__Exercise__: Down to the last line, set down the material below exactly, excluding pictures.

__Supplied data__:
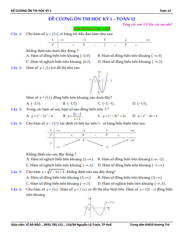 Tài liệu ôn thi học kì 1 môn Toán 12
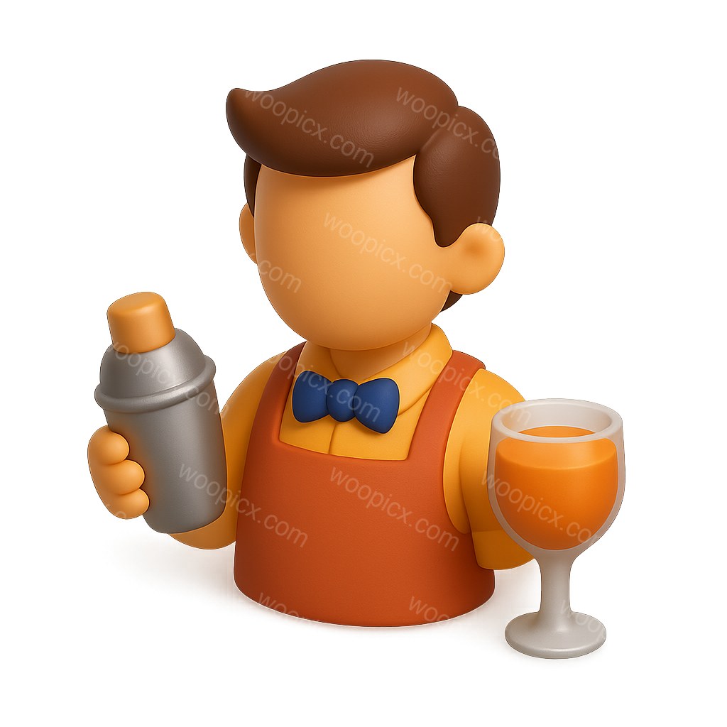 /Premium/Collection: /by davooda/A charming 3D icon of a bartender holding a cocktail glass and a shaker. The figure features a simple, cartoonish design with a three-quarter view and vibrant colors, set against a soft gradient background.
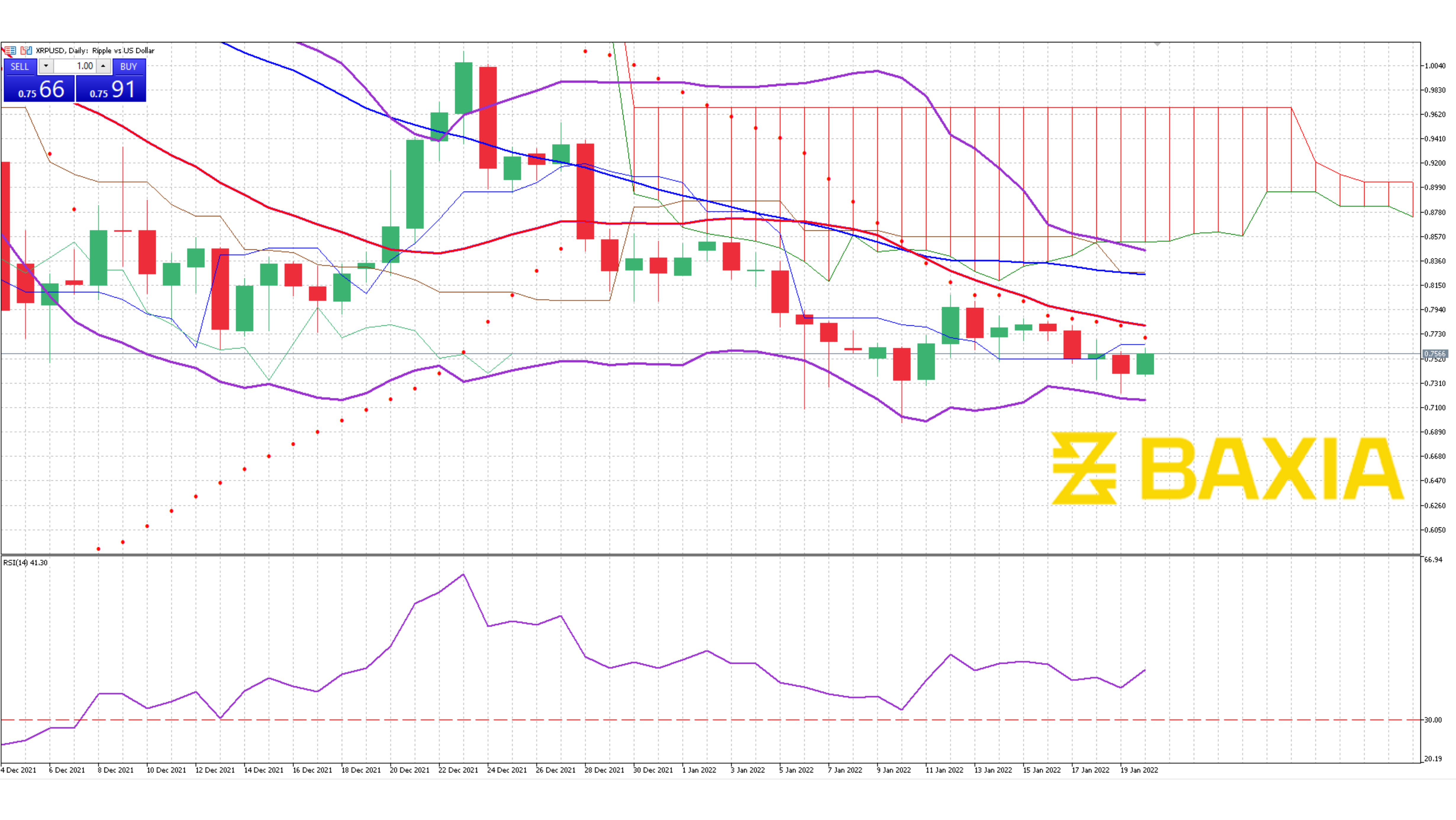 The Bollinger bands are closing up as the price continues consolidating around the $0.735 price level, this is likely to bring lower volatility in the upcoming days, but it also means that a breakout is closer, we have yet to see which direction is more likely to go by checking other technical indicators in the upcoming sessions.
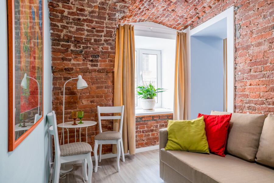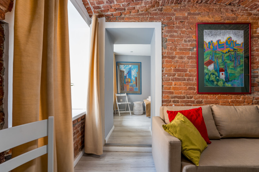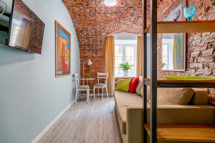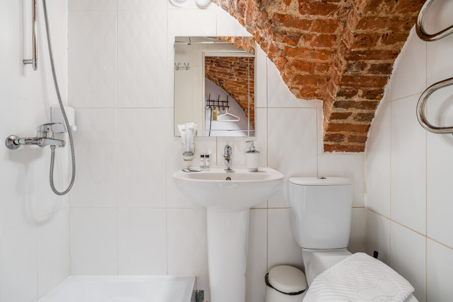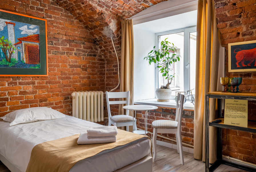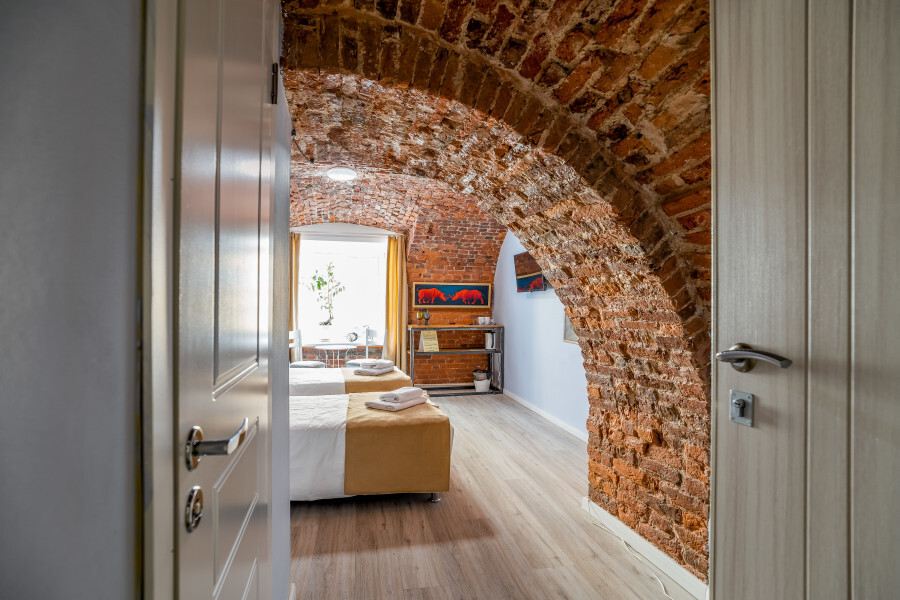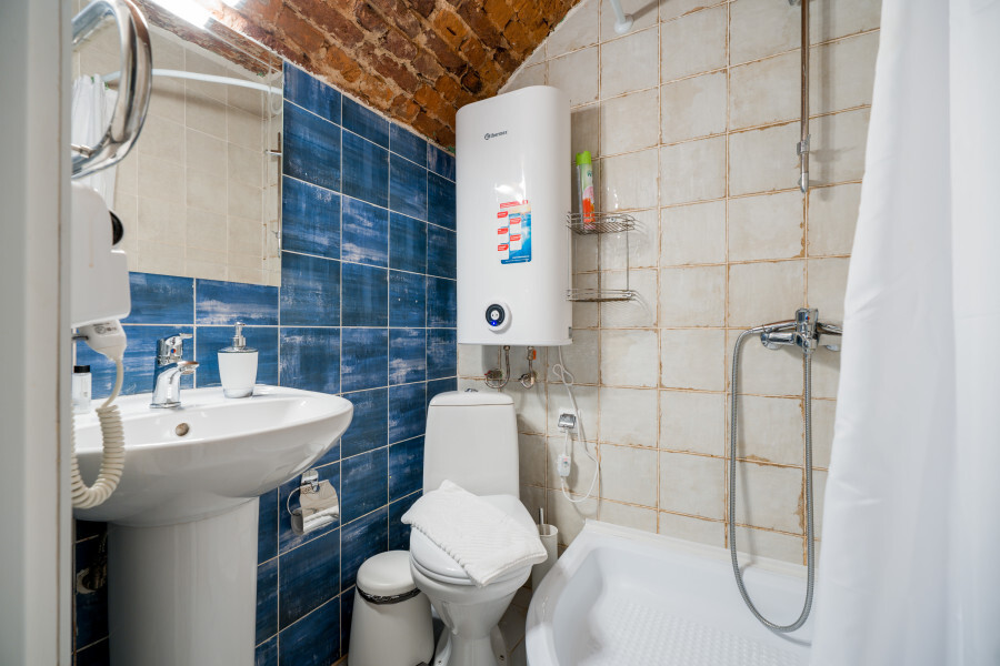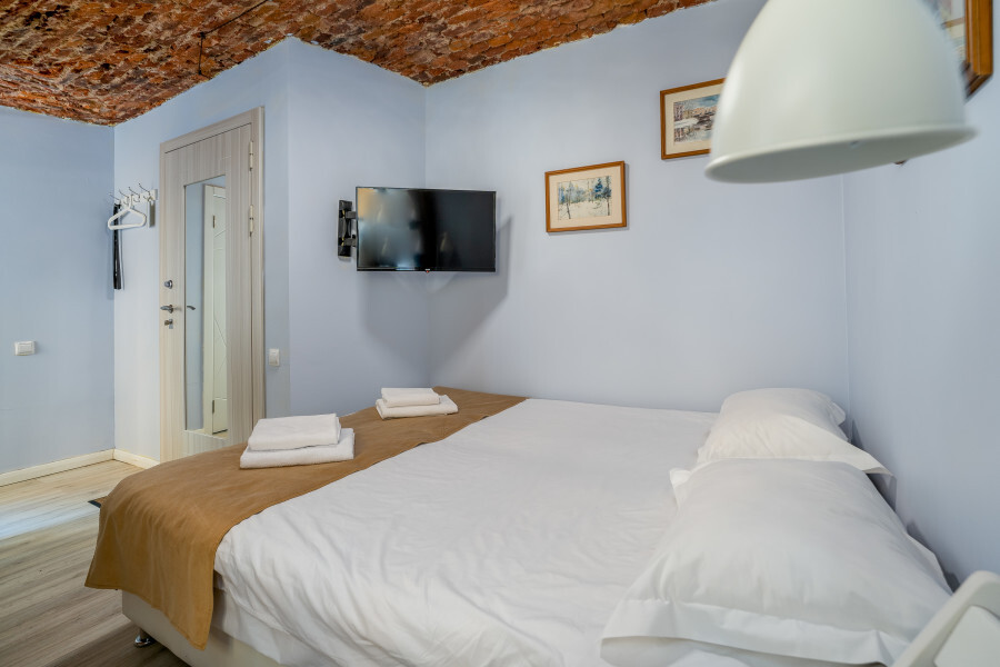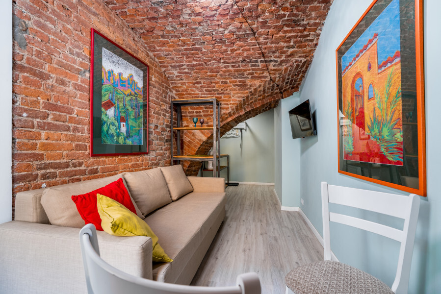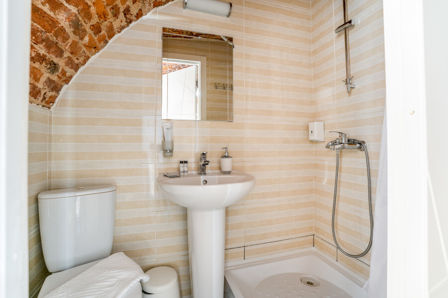 Единственный номер, где сохранилась полукруглая арка старинного помещения каретной при доме Адамини. На потолке - кирпичные своды, являющиеся объектом культурного наследия под охраной государства. Удобная ванная комната с душем, феном, тапочками и набором ванных принадлежностей.

__Answer to the problem__:
 Tài liệu ôn thi học kì 1 môn Toán 12
 /Premium/Collection: /by davooda/A charming 3D icon of a bartender holding a cocktail glass and a shaker. The figure features a simple, cartoonish design with a three-quarter view and vibrant colors, set against a soft gradient background.
 The Bollinger bands are closing up as the price continues consolidating around the $0.735 price level, this is likely to bring lower volatility in the upcoming days, but it also means that a breakout is closer, we have yet to see which direction is more likely to go by checking other technical indicators in the upcoming sessions.
 Единственный номер, где сохранилась полукруглая арка старинного помещения каретной при доме Адамини. На потолке - кирпичные своды, являющиеся объектом культурного наследия под охраной государства. Удобная ванная комната с душем, феном, тапочками и набором ванных принадлежностей.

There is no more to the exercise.